= Required action =
What you return should be only the lines in the entries below between the one holding "в элемент интерьера." and the one holding "Poseben nastavek na", ends included, with every picture left out.

= Data for the task =
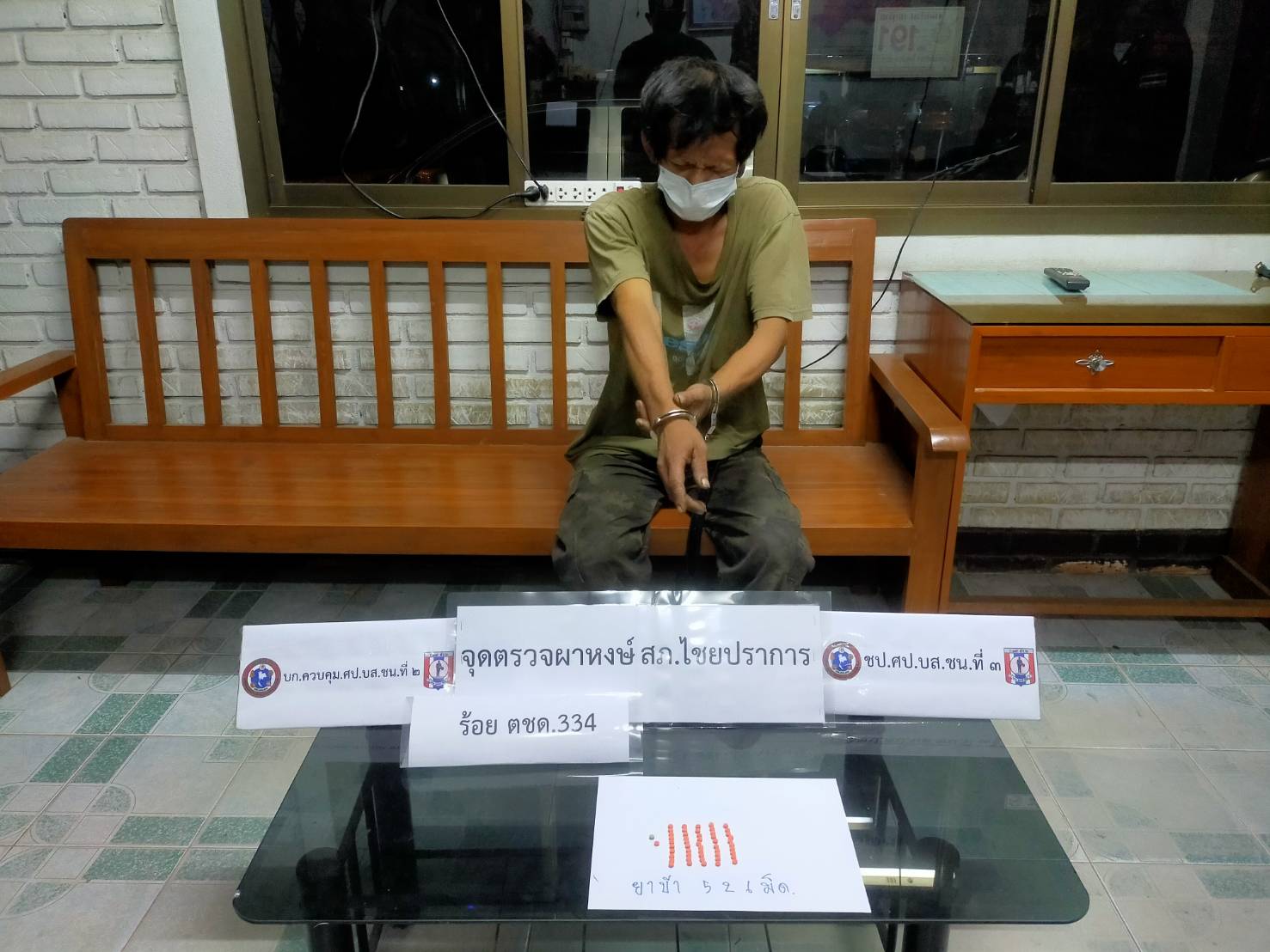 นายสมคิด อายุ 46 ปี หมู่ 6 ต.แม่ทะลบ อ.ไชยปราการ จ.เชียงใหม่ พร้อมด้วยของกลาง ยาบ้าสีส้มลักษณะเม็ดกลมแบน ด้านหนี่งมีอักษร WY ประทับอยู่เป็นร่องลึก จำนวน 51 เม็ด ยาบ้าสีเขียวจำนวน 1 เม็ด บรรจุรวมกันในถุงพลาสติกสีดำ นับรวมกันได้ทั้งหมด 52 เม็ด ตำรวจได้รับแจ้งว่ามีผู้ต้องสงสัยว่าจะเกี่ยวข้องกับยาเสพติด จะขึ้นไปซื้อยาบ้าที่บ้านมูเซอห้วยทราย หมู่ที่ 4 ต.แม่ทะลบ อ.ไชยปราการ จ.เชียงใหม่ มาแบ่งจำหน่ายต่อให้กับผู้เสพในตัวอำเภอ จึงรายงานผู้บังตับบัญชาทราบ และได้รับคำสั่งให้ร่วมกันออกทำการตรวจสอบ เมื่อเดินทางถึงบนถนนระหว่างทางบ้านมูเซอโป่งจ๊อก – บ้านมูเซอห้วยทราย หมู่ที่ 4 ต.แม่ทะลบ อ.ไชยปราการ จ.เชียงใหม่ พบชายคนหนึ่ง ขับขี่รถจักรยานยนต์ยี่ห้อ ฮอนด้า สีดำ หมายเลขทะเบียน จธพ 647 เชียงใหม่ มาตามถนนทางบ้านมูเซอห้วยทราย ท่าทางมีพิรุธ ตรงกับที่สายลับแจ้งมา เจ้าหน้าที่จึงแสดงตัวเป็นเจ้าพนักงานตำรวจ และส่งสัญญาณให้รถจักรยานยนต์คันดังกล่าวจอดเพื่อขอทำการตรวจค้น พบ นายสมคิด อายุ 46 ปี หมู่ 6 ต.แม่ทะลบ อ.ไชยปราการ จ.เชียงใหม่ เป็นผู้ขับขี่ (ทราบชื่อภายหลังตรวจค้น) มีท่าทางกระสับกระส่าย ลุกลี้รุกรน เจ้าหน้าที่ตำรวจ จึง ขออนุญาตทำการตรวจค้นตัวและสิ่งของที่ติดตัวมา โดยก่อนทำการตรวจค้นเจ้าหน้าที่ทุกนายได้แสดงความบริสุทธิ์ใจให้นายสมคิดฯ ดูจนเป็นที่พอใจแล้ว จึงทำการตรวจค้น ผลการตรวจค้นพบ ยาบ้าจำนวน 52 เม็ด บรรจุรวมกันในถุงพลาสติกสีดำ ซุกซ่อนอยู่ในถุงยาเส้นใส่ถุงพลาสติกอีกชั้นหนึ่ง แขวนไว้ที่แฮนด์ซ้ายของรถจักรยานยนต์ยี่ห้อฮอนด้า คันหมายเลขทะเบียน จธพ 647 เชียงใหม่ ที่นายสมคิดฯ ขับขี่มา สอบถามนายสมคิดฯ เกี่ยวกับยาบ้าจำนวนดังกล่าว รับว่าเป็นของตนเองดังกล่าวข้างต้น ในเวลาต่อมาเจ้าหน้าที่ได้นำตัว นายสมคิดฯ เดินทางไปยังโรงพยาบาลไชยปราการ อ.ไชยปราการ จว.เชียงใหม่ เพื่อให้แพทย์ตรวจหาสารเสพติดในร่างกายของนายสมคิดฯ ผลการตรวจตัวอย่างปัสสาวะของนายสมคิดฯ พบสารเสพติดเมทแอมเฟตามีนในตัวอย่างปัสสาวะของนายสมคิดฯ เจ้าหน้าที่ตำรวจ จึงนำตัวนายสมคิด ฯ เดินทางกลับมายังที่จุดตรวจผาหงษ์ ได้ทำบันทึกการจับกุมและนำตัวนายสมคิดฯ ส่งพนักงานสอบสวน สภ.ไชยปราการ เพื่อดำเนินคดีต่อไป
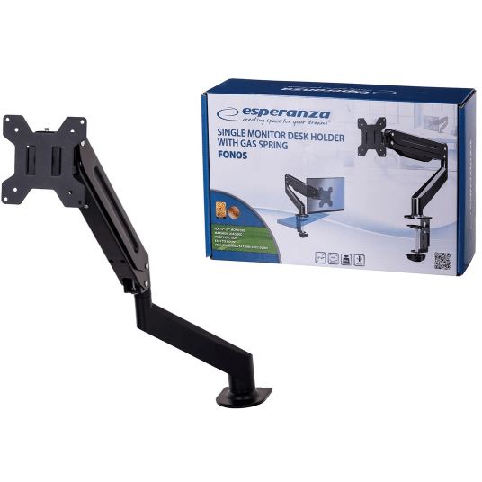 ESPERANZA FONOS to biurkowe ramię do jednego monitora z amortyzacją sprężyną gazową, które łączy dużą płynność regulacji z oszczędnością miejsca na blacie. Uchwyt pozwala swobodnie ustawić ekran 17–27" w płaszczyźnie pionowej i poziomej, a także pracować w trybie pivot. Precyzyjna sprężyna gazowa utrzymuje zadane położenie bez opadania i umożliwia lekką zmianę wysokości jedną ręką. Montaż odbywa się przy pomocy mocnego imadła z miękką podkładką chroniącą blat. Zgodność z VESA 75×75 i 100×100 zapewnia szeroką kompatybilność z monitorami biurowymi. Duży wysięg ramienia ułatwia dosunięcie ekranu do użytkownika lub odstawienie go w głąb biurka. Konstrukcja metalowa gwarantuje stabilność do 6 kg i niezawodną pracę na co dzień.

---

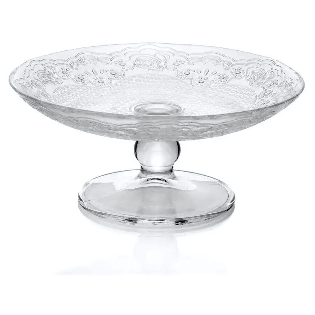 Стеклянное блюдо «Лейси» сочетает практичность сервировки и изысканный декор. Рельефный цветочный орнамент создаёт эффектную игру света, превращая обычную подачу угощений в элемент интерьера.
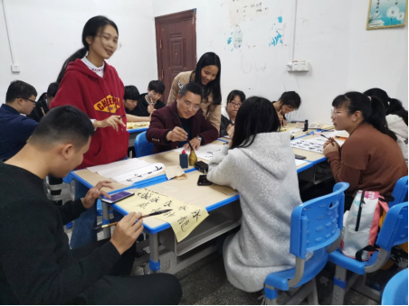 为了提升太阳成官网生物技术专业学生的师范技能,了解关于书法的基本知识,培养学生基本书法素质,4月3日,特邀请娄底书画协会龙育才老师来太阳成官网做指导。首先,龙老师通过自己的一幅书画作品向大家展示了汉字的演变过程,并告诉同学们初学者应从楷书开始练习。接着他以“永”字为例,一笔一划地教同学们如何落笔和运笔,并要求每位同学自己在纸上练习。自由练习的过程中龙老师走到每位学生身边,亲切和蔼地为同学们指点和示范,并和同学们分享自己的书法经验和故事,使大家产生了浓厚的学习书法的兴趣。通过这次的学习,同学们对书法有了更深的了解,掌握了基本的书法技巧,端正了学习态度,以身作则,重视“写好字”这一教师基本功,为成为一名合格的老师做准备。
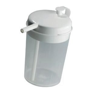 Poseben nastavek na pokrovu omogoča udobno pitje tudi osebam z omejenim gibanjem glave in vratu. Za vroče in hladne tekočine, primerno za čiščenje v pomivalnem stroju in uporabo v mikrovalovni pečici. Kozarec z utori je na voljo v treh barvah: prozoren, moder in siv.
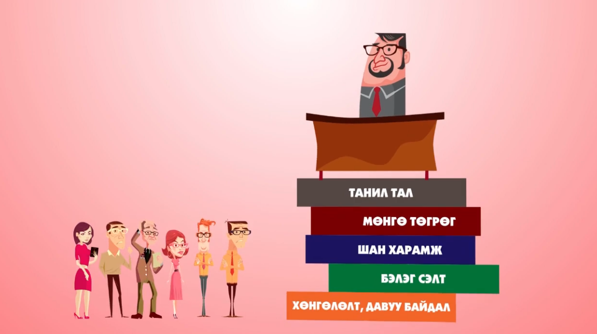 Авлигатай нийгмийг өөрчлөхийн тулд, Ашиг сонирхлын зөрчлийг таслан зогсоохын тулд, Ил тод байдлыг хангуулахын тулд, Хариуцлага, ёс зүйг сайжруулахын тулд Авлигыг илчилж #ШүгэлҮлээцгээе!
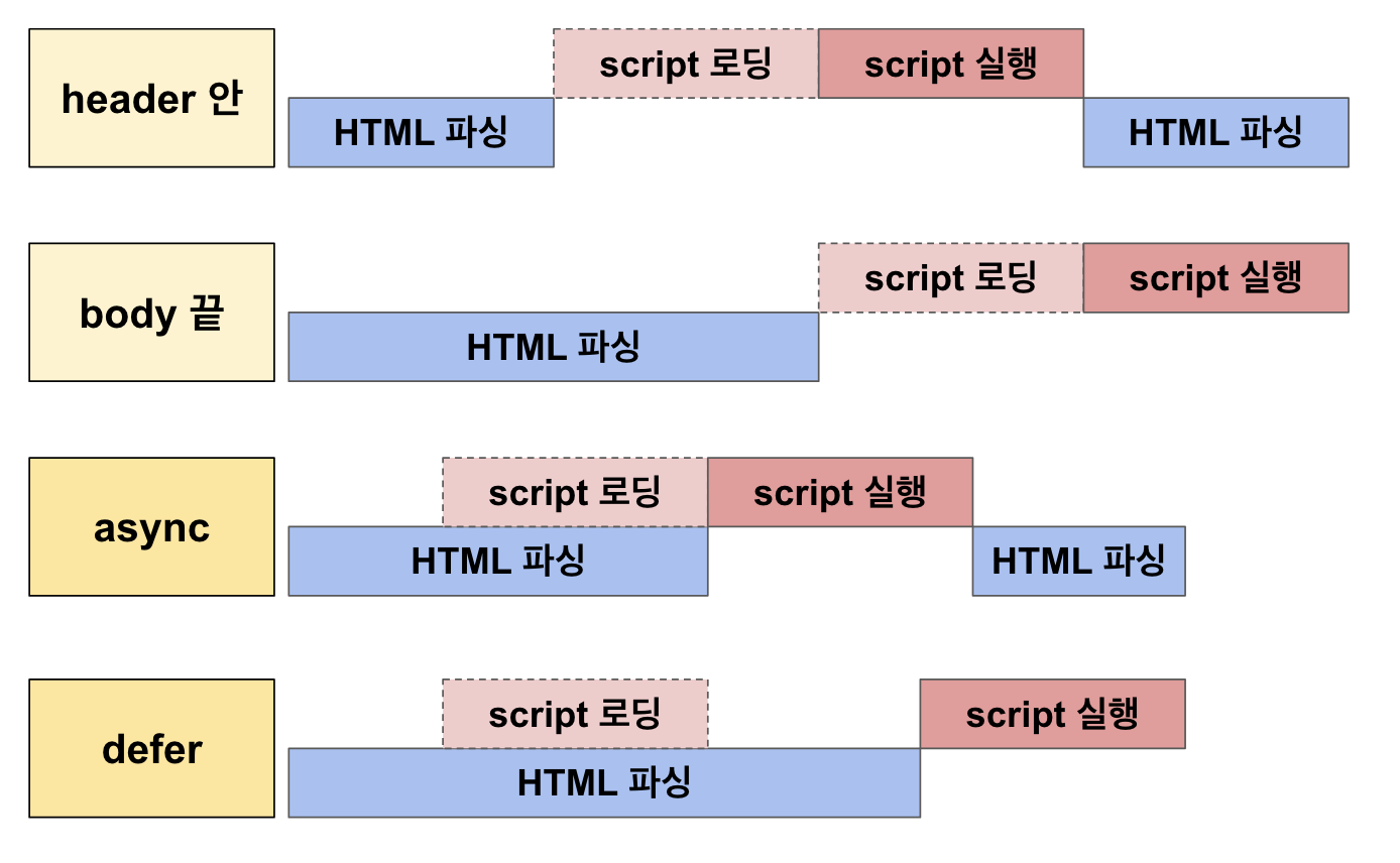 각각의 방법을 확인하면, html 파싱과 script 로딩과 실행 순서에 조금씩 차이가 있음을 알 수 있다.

= Exercise output =
 Стеклянное блюдо «Лейси» сочетает практичность сервировки и изысканный декор. Рельефный цветочный орнамент создаёт эффектную игру света, превращая обычную подачу угощений в элемент интерьера.
 为了提升太阳成官网生物技术专业学生的师范技能,了解关于书法的基本知识,培养学生基本书法素质,4月3日,特邀请娄底书画协会龙育才老师来太阳成官网做指导。首先,龙老师通过自己的一幅书画作品向大家展示了汉字的演变过程,并告诉同学们初学者应从楷书开始练习。接着他以“永”字为例,一笔一划地教同学们如何落笔和运笔,并要求每位同学自己在纸上练习。自由练习的过程中龙老师走到每位学生身边,亲切和蔼地为同学们指点和示范,并和同学们分享自己的书法经验和故事,使大家产生了浓厚的学习书法的兴趣。通过这次的学习,同学们对书法有了更深的了解,掌握了基本的书法技巧,端正了学习态度,以身作则,重视“写好字”这一教师基本功,为成为一名合格的老师做准备。
 Poseben nastavek na pokrovu omogoča udobno pitje tudi osebam z omejenim gibanjem glave in vratu. Za vroče in hladne tekočine, primerno za čiščenje v pomivalnem stroju in uporabo v mikrovalovni pečici. Kozarec z utori je na voljo v treh barvah: prozoren, moder in siv.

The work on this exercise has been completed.